Transfers Using Liquid Sculpey

Posted in Art, Thoughts on April 5, 2008 by b*

I took my first stab at this. The results were…interesting. Not great, but not all that bad.

Since I have an inkjet printer, I used a variation of the T shirt transfer paper method. I had a photocopy from a catalog, of a painting. Scaled it to fit the lid of a cheapie wooden box from Michael’s–about 9×7 inches. For a first effort, that was a bit large. By the time I managed to paint the entire image with the Liquid, the ink on the transfer paper was already beginning to go into solution. Learned that the hard way when I scraped a 1/2 inch long bit off the edge with the chopstick I was using to hold it in place. That was all right, since the over all effect was going to be on the rough side.

I skipped the heat gun and baked the whole thing in the oven, on a cheap cookie sheet. A little soaking, and the paper came right off.

Next time: I will make sure my Sculpy is thinner before I begin. I’ll brush it on instead of pouring it and then trying to smooth it out. And it would be better to work by sections. Leave a “handle” when cutting out the image. Maybe practice with a smaller image a couple of times before anything I want to look really nice.


  • Heat Gun Method:

  • Spread a thin, even coat of Translucent Liquid Sculpey on the surface of your toner transfer image. The uncured clay will appear milky white and shiny.

  • Use your heat gun to carefully set the clay. Move the tip of the heat gun evenly over the surface of the clay so it does not burn in spots.

  • The clay will become translucent and matte when it cures.

  • With a clay blade or your fingernail, peel the clay away from the paper while the clay is still warm. You will now have a paper thin transfer.

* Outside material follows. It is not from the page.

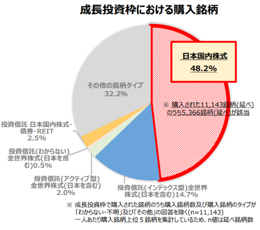 一方、成長枠投資枠においては48%が日本国内株式に投資されております。
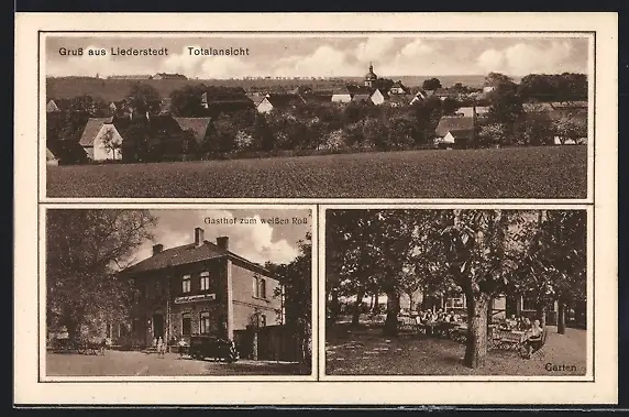 AK Liederstedt, Totalansicht, Gasthof zum weissen Ross, Garten

  • If you use the side of the clay that lifted the image off of the paper, your image will be reversed. It is a good idea to bake the transfer on a flat tray (if you are not applying it to clay that will be baked again) for 10 minutes to make sure the liquid clay is completely cured.
Color Transfers with Fabric Transfer Paper
Color images printed from your computer inkjet printer onto fabric transfer paper can be easily made into thin liquid clay transfers. Once you have printed the image onto the fabric transfer paper (used for transferring images onto t-shirts and fabric), just follow the directions for the heat gun transfer method. Once the Liquid Sculpey is cured, the clay will peel easily from the paper. This way, you can quickly turn your own digital color images into paper-thin clay transfers.